TeleMem: Building Long-Term and Multimodal Memory for Agentic AI
This work addresses the challenge of building efficient and accurate long-term memory for AI agents, particularly in multimodal contexts like gaming, though it appears incremental as it builds on existing RAG and memory frameworks.
The paper tackled the problem of limited long-term interaction and multimodal reasoning in AI agents by proposing TeleMem, a unified memory system that achieved 19% higher accuracy, 43% fewer tokens, and a 2.1x speedup compared to the state-of-the-art baseline.
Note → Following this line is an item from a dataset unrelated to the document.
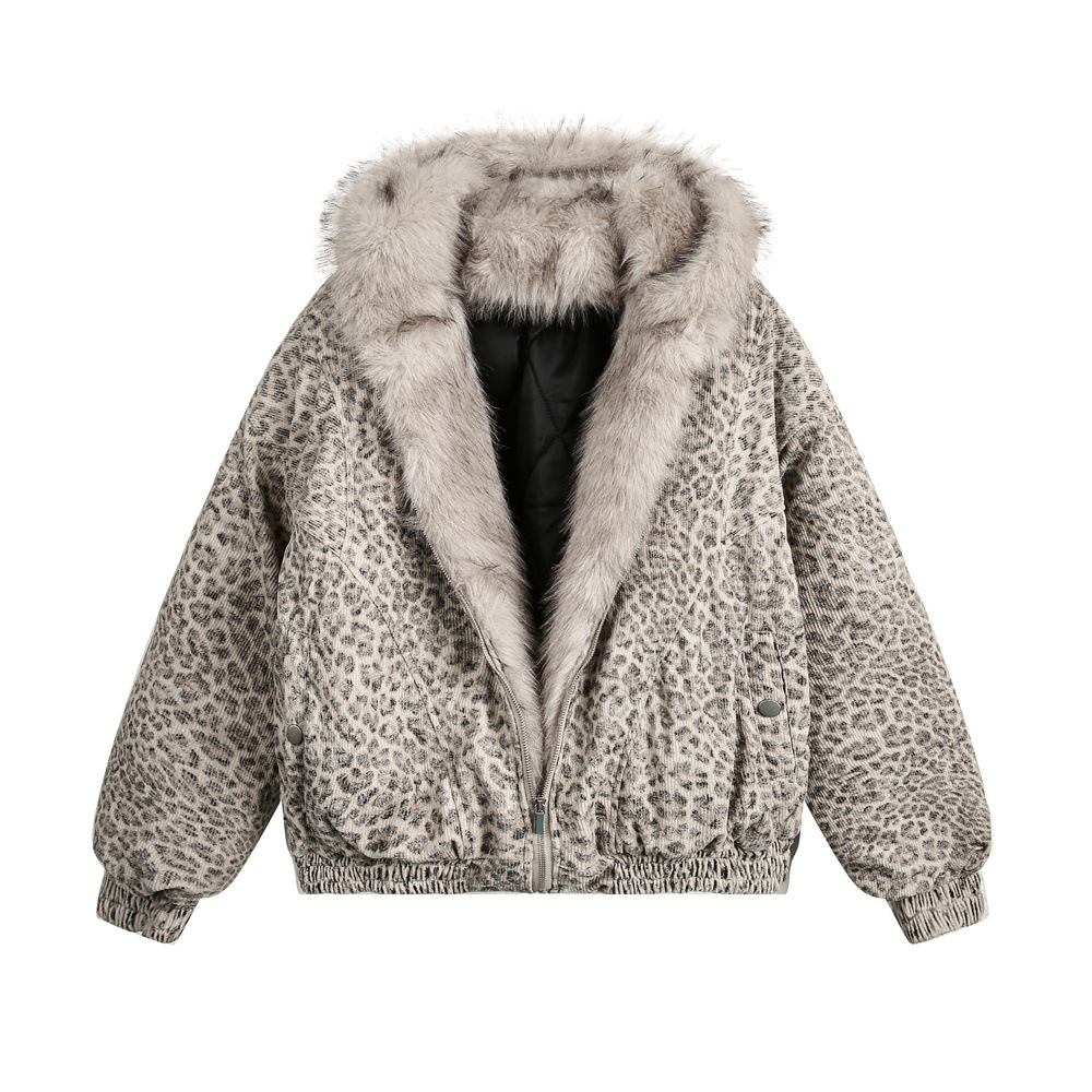 레오파드 무늬 후드 코튼 패딩 재킷 두꺼운 겨울 트렌디 브랜드 남성 유럽과 미국의 모조 모피 잔디 칼라 느슨한 짧은 코튼 패딩 재킷스토어 가기
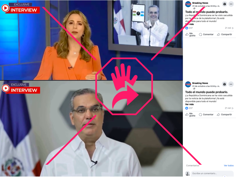 Aunque no se refiere exactamente a la grabación en la que aparece con el vestido naranja, sino a otras de presuntas estafas, en esa misma denuncia explica que incluso han sido alterados videos del presidente Abinader y muestra el mismo video del mandatario que estamos chequeando supuestamente ofreciendo una oportunidad de inversión, con un sello de “Falso” superpuesto.

Large language models (LLMs) excel at many NLP tasks but struggle to sustain long-term interactions due to limited attention over extended dialogue histories. Retrieval-augmented generation (RAG) mitigates this issue but lacks reliable mechanisms for updating or refining stored memories, leading to schema-driven hallucinations, inefficient write operations, and minimal support for multimodal reasoning.To address these challenges, we propose TeleMem, a unified long-term and multimodal memory system that maintains coherent user profiles through narrative dynamic extraction, ensuring that only dialogue-grounded information is preserved. TeleMem further introduces a structured writing pipeline that batches, retrieves, clusters, and consolidates memory entries, substantially improving storage efficiency, reducing token usage, and accelerating memory operations. Additionally, a multimodal memory module combined with ReAct-style reasoning equips the system with a closed-loop observe, think, and act process that enables accurate understanding of complex video content in long-term contexts. Experimental results show that TeleMem surpasses the state-of-the-art Mem0 baseline with 19% higher accuracy, 43% fewer tokens, and a 2.1x speedup on the ZH-4O long-term role-play gaming benchmark.